Comment by trod1234
3 days ago
The classical system was described, but you can find it in various historic works based on what's commonly referred to today as the Trivium and Quadrivium based curricula.
Off the top of my head, the former includes reasoning under dialectical (priori and later posteriori parts under the quadrivium).
Its a bit much to explain it in detail in a post like this but you should be able to find sound resources with what I've provided.
It largely goes back to how philosophy was taught; all the way back to Socrates/Plato/Aristotle, up through Descartes, Locke (barely, though he's more famous for social contract theory), and more modern scientists/scientific method.
The way math is taught today, you basically get to throw out almost everything you were taught at various stages, and relearn it anew on a different foundation, somehow fitting the fractured pieces back together towards learning the true foundations, which would be much easier at the start and building on top of that instead of the constant interference.
You don't really end up understanding math intuitively nor its deep connections to logic (dialectics, trivium), until you hit Abstract Algebra.
You want to teach abstract algebra to middle schoolers?

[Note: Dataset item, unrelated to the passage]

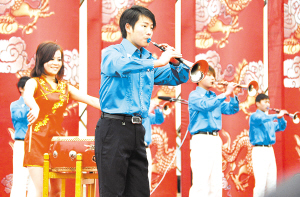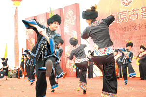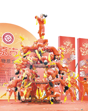 本报讯 伴随着熙熙攘攘朝祖的人流,2月24日上午,“中原古韵——中国(淮阳)非物质文化遗产展演”开幕式在淮阳羲皇文化广场举行。当天上午进行的首场展演活动中,共有11个国家级非遗项目登台亮相。少林功夫、山东快书、安徽黄梅戏、陈式太极拳、河北狮舞、山西高台花鼓、湖北五峰南曲、湖南土家族摆手舞、江西九江山歌等国家级非遗精品荟萃淮阳,集中展示了古韵之美。

Up to the first or second chapter, depending on the book being used is more than sufficient to cover the foundational concepts. Sets, and Properties such as closure over given operations, and mathematical relabeling which is a function (f(x), the requirements for it (uniqueness of x, and projection onto) along with the tests for the presence of these, and common mathematic systems properties.
This naturally provides easily understood limitations of math systems which can be tested if there is a question, and allows recognition when they violate the properties that naturally lead to common mistakes, as well as providing a space where they can use numbers/geometry/reasoning at play.